32-bit addresses imply the use of a 32-bit displacement and the generation
of a 32-bit address offset. Similarly, an instruction that accesses words
(16 bits) or doublewords (32 bits) has an operand-size attribute of either
16 or 32 bits.

The attributes are determined by a combination of defaults, instruction
prefixes, and (for programs executing in protected mode) size-specification
bits in segment descriptors.


17.1.1 Default Segment Attribute



17.1.1  Default Segment Attribute

For programs executed in protected mode, the D-bit in executable-segment
descriptors determines the default attribute for both address size and
operand size. These default attributes apply to the execution of all
instructions in the segment. A value of zero in the D-bit sets the default
address size and operand size to 16 bits; a value of one, to 32 bits.

Programs that execute in real mode or virtual-8086 mode have 16-bit
addresses and operands by default.


17.1.2 Operand-Size and Address-Size Instruction Prefixes



17.1.2  Operand-Size and Address-Size Instruction Prefixes

The internal encoding of an instruction can include two byte-long prefixes:
the address-size prefix, 67H, and the operand-size prefix, 66H. (A later
section, "Instruction Format," shows the position of the prefixes in an
instruction's encoding.) These prefixes override the default segment
attributes for the instruction that follows.

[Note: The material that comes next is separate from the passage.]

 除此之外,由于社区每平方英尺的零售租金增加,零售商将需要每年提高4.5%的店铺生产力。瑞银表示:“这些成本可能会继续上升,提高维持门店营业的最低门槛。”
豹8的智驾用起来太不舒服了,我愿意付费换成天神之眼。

Table 17-1 shows the effect of
each possible combination of defaults and overrides.


See Also: Tab.17-1 

17.1.3 Address-Size Attribute for Stack



17.1.3  Address-Size Attribute for Stack

Instructions that use the stack implicitly (for example: POP EAX also have
a stack address-size attribute of either 16 or 32 bits. Instructions with a
stack address-size attribute of 16 use the 16-bit SP stack pointer register;
instructions with a stack address-size attribute of 32 bits use the 32-bit
ESP register to form the address of the top of the stack.

The stack address-size attribute is controlled by the B-bit of the
data-segment descriptor in the SS register. A value of zero in the B-bit
selects a stack address-size attribute of 16; a value of one selects a stack
address-size attribute of 32.

See Also: Tab.17-1 

17.2 Instruction Format



17.2  Instruction Format

All instruction encodings are subsets of the general instruction format
shown in Figure 17-1. Instructions consist of optional instruction
prefixes, one or two primary opcode bytes, possibly an address specifier
consisting of the ModR/M byte and the SIB (Scale Index Base) byte, a
displacement, if required, and an immediate data field, if required.

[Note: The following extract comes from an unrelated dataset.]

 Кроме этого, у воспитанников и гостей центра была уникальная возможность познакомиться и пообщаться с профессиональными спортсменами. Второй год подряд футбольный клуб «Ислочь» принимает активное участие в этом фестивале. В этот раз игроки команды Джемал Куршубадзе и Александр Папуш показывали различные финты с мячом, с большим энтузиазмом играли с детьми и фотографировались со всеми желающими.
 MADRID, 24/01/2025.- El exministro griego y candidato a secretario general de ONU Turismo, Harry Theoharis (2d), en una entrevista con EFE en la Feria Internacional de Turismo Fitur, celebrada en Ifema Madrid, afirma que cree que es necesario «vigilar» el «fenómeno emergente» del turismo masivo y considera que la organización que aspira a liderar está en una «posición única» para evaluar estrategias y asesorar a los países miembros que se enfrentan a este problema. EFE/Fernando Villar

Smaller encoding fields can be defined within the primary opcode or
opcodes. These fields define the direction of the operation, the size of the
displacements, the register encoding, or sign extension; encoding fields
vary depending on the class of operation.

Most instructions that can refer to an operand in memory have an addressing
form byte following the primary opcode byte(s). This byte, called the ModR/M
byte, specifies the address form to be used. Certain encodings of the ModR/M
byte indicate a second addressing byte, the SIB (Scale Index Base) byte,
which follows the ModR/M byte and is required to fully specify the
addressing form.

Addressing forms can include a displacement immediately following either
the ModR/M or SIB byte. If a displacement is present, it can be 8-, 16- or
32-bits.

If the instruction specifies an immediate operand, the immediate operand
always follows any displacement bytes. The immediate operand, if specified,
is always the last field of the instruction.

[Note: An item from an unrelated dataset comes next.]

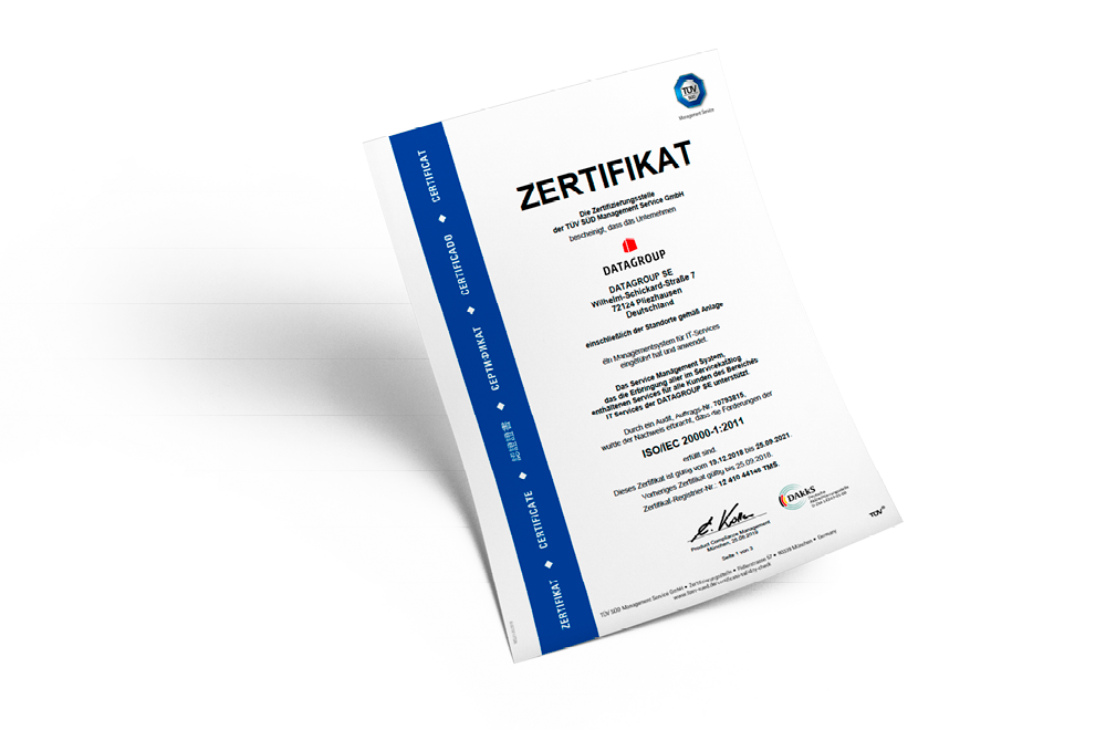 DATAGROUP is one of the few IT service providers whose complete IT service management processes are standardized and certified according to ISO specifications.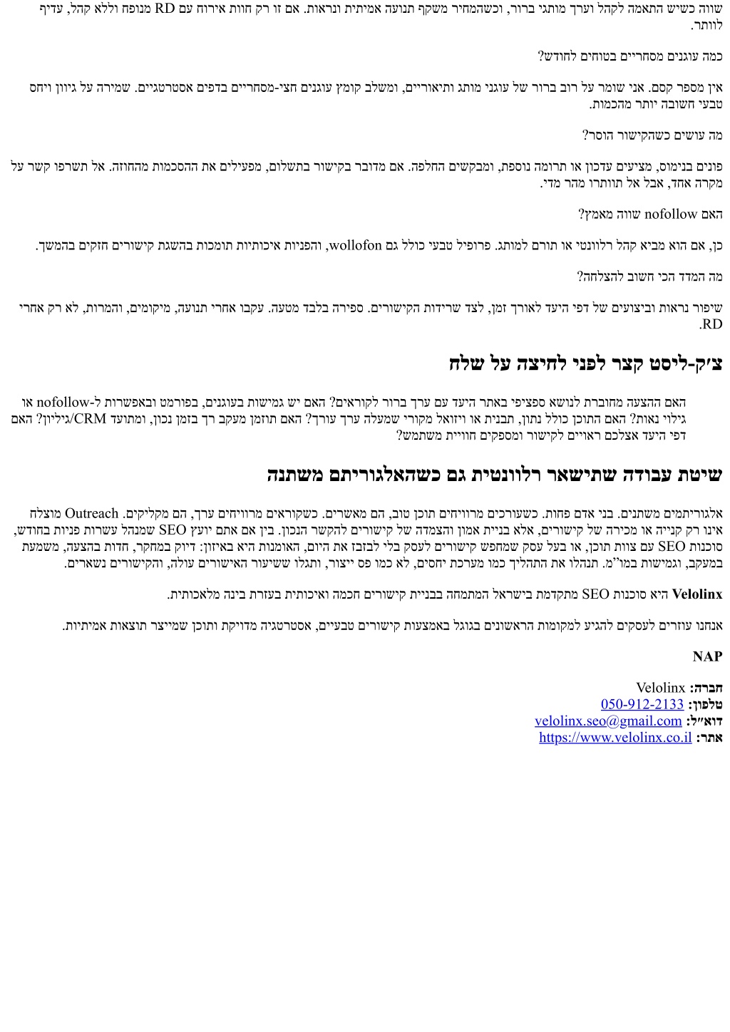ףידע ,להק אללו חפונמ RD םע חוריא תווח קר וז םא .תוארנו תיתימא העונת ףקשמ ריחמהשכו ,רורב יגתומ ךרעו להקל המאתה שישכ הווש .רתוול ?שדוחל םיחוטב םיירחסמ םינגוע המכ סחיו ןוויג לע הרימש .םייגטרטסא םיפדב םיירחסמ-יצח םינגוע ץמוק בלשמו ,םיירואיתו גתומ ינגוע לש רורב בור לע רמוש ינא .םסק רפסמ ןיא .תומכהמ רתוי הבושח יעבט ?רסוה רושיקהשכ םישוע המ לע רשק ופרשת לא .הזוחהמ תומכסהה תא םיליעפמ ,םולשתב רושיקב רבודמ םא .הפלחה םישקבמו ,תפסונ המורת וא ןוכדע םיעיצמ ,סומינב םינופ .ידמ רהמ ורתוות לא לבא ,דחא הרקמ ?ץמאמ הווש nofollow םאה .ךשמהב םיקזח םירושיק תגשהב תוכמות תויתוכיא תוינפהו ,wollofon םג ללוכ יעבט ליפורפ .גתומל םרות וא יטנוולר להק איבמ אוה םא ,ןכ ?החלצהל בושח יכה דדמה המ ירחא קר אל ,תורמהו ,םימוקימ ,העונת ירחא ובקע .העטמ דבלב הריפס .םירושיקה תודירש דצל ,ןמז ךרואל דעיה יפד לש םיעוציבו תוארנ רופיש .RD חלש לע הציחל ינפל רצק טסיל-ק׳צ וא nofollow-ל תורשפאבו טמרופב ,םינגועב תושימג שי םאה ?םיארוקל רורב ךרע םע דעיה רתאב יפיצפס אשונל תרבוחמ העצהה םאה םאה ?ןויליג/CRM דעותמו ,ןוכנ ןמזב ךר בקעמ ןמזות םאה ?ךרוע ךרע הלעמש ירוקמ לאוזיו וא תינבת ,ןותנ ללוכ ןכותה םאה ?תואנ יוליג ?שמתשמ תייווח םיקפסמו רושיקל םייואר םכלצא דעיה יפד הנתשמ םתירוגלאהשכ םג תיטנוולר ראשיתש הדובע תטיש חלצומ Outreach .םיקילקמ םה ,ךרע םיחיוורמ םיארוקשכ .םירשאמ םה ,בוט ןכות םיחיוורמ םיכרועשכ .תוחפ םדא ינב .םינתשמ םימתירוגלא ,שדוחב תוינפ תורשע להנמש SEO ץעוי םתא םא ןיב .ןוכנה רשקהל םירושיק לש הדמצהו ןומא תיינב אלא ,םירושיק לש הריכמ וא היינק קר וניא תעמשמ ,העצהב תודח ,רקחמב קויד :ןוזיאב איה תונמואה ,םויה תא זבזבל ילב קסעל םירושיק שפחמש קסע לעב וא ,ןכות תווצ םע SEO תונכוס .םיראשנ םירושיקהו ,הלוע םירושיאה רועישש ולגתו ,רוציי ספ ומכ אל ,םיסחי תכרעמ ומכ ךילהתה תא ולהנת .מ”ומב תושימגו ,בקעמב .תיתוכאלמ הניב תרזעב תיתוכיאו המכח םירושיק תיינבב החמתמה לארשיב תמדקתמ SEO תונכוס איה Velolinx .תויתימא תואצות רציימש ןכותו תקיודמ היגטרטסא ,םייעבט םירושיק תועצמאב לגוגב םינושארה תומוקמל עיגהל םיקסעל םירזוע ונחנא NAP Velolinx :הרבח 050-912-2133:ןופלט velolinx.seo@gmail.com:ל״אוד https://www.velolinx.co.il:רתא

The following are the allowable instruction prefix codes:

   F3H    REP prefix (used only with string instructions)
   F3H    REPE/REPZ prefix (used only with string instructions
   F2H    REPNE/REPNZ prefix (used only with string instructions)
   F0H    LOCK prefix

The following are the segment override prefixes:

   2EH    CS segment override prefix
   36H    SS segment override prefix
   3EH    DS segment override prefix
   26H    ES segment override prefix
   64H    FS segment override prefix
   65H    GS segment override prefix
   66H    Operand-size override
   67H    Address-size override

See Also: Fig.17-1 


17.2.1 ModR/M and SIB Bytes



17.2.1  ModR/M and SIB Bytes

The ModR/M and SIB bytes follow the opcode byte(s) in many of the 80386
instructions. They contain the following information:

  *  The indexing type or register number to be used in the instruction
  *  The register to be used, or more information to select the instruction
  *  The base, index, and scale information

The ModR/M byte contains three fields of information:

  *  The mod field, which occupies the two most significant bits of the 
     byte, combines with the r/m field to form 32 possible values: eight
     registers and 24 indexing modes

  *  The reg field, which occupies the next three bits following the mod
     field, specifies either a register number or three more bits of opcode
     information. The meaning of the reg field is determined by the first
     (opcode) byte of the instruction.

  *  The r/m field, which occupies the three least significant bits of the
     byte, can specify a register as the location of an operand, or can form
     part of the addressing-mode encoding in combination with the field as
     described above

The based indexed and scaled indexed forms of 32-bit addressing require the
SIB byte. The presence of the SIB byte is indicated by certain encodings of
the ModR/M byte. The SIB byte then includes the following fields:

  *  The ss field, which occupies the two most significant bits of the
     byte, specifies the scale factor

  *  The index field, which occupies the next three bits following the ss
     field and specifies the register number of the index register

  *  The base field, which occupies the three least significant bits of the
     byte, specifies the register number of the base register

Figure 17-2 shows the formats of the ModR/M and SIB bytes.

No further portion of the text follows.